DATA BELOW:
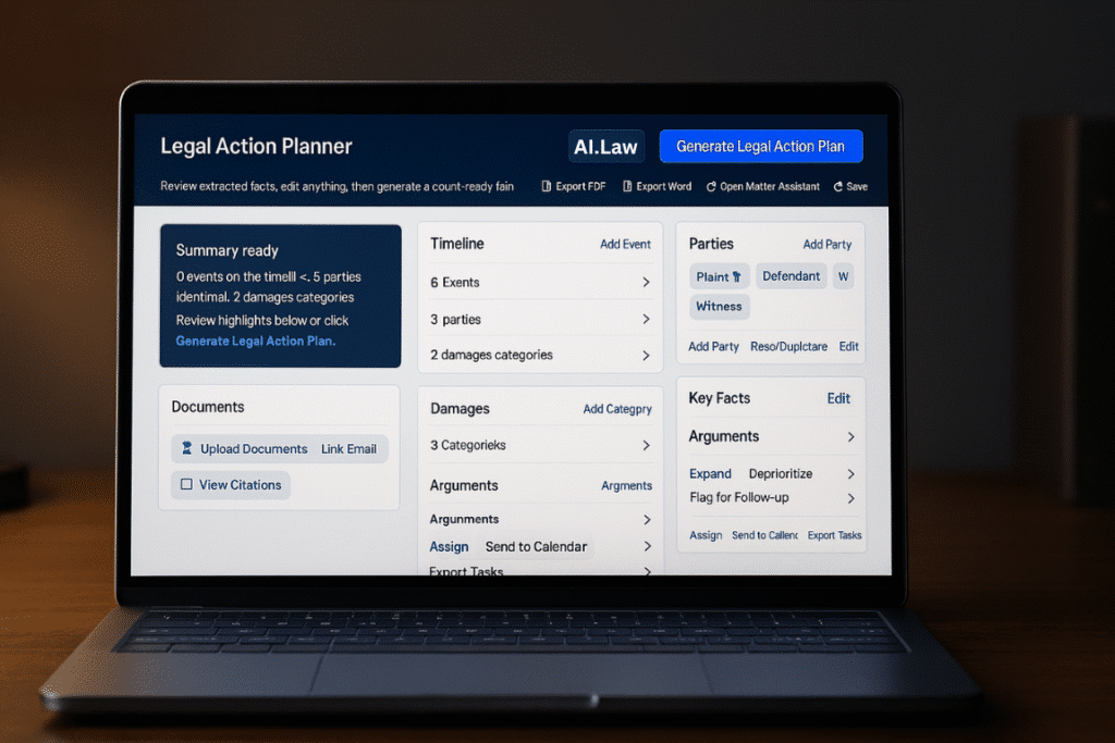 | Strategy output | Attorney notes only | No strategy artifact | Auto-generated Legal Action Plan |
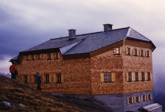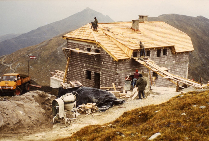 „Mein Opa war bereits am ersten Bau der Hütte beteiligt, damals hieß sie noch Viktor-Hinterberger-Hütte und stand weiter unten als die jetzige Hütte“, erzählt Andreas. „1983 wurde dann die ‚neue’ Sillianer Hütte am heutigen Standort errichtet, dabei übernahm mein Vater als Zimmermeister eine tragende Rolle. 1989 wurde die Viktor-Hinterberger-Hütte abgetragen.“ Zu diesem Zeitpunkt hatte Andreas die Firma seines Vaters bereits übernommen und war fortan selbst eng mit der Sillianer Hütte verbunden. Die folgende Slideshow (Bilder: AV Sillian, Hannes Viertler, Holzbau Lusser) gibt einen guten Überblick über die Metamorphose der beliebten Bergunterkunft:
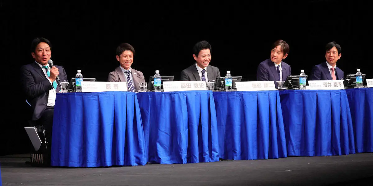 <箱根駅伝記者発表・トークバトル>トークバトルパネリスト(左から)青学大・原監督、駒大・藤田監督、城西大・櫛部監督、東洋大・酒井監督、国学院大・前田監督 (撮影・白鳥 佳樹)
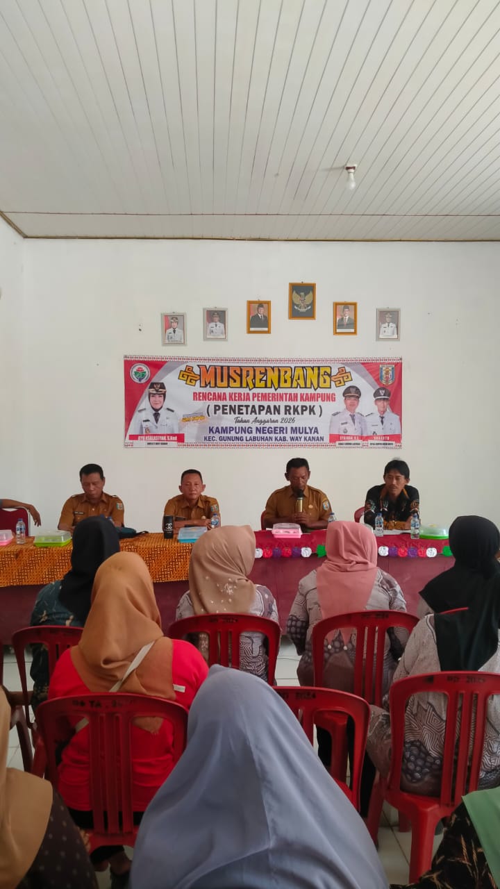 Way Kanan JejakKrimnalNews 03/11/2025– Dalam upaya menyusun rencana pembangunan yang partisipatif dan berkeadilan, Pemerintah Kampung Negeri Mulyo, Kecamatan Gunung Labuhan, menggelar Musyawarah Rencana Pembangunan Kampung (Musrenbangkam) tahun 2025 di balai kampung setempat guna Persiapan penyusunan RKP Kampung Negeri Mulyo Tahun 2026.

WHAT THIS TASK INVOLVES: Set down the data exactly as it appears, without any images.

YOUR RESPONSE:
 | Strategy output | Attorney notes only | No strategy artifact | Auto-generated Legal Action Plan |
 „Mein Opa war bereits am ersten Bau der Hütte beteiligt, damals hieß sie noch Viktor-Hinterberger-Hütte und stand weiter unten als die jetzige Hütte“, erzählt Andreas. „1983 wurde dann die ‚neue’ Sillianer Hütte am heutigen Standort errichtet, dabei übernahm mein Vater als Zimmermeister eine tragende Rolle. 1989 wurde die Viktor-Hinterberger-Hütte abgetragen.“ Zu diesem Zeitpunkt hatte Andreas die Firma seines Vaters bereits übernommen und war fortan selbst eng mit der Sillianer Hütte verbunden. Die folgende Slideshow (Bilder: AV Sillian, Hannes Viertler, Holzbau Lusser) gibt einen guten Überblick über die Metamorphose der beliebten Bergunterkunft:
 <箱根駅伝記者発表・トークバトル>トークバトルパネリスト(左から)青学大・原監督、駒大・藤田監督、城西大・櫛部監督、東洋大・酒井監督、国学院大・前田監督 (撮影・白鳥 佳樹)
 Way Kanan JejakKrimnalNews 03/11/2025– Dalam upaya menyusun rencana pembangunan yang partisipatif dan berkeadilan, Pemerintah Kampung Negeri Mulyo, Kecamatan Gunung Labuhan, menggelar Musyawarah Rencana Pembangunan Kampung (Musrenbangkam) tahun 2025 di balai kampung setempat guna Persiapan penyusunan RKP Kampung Negeri Mulyo Tahun 2026.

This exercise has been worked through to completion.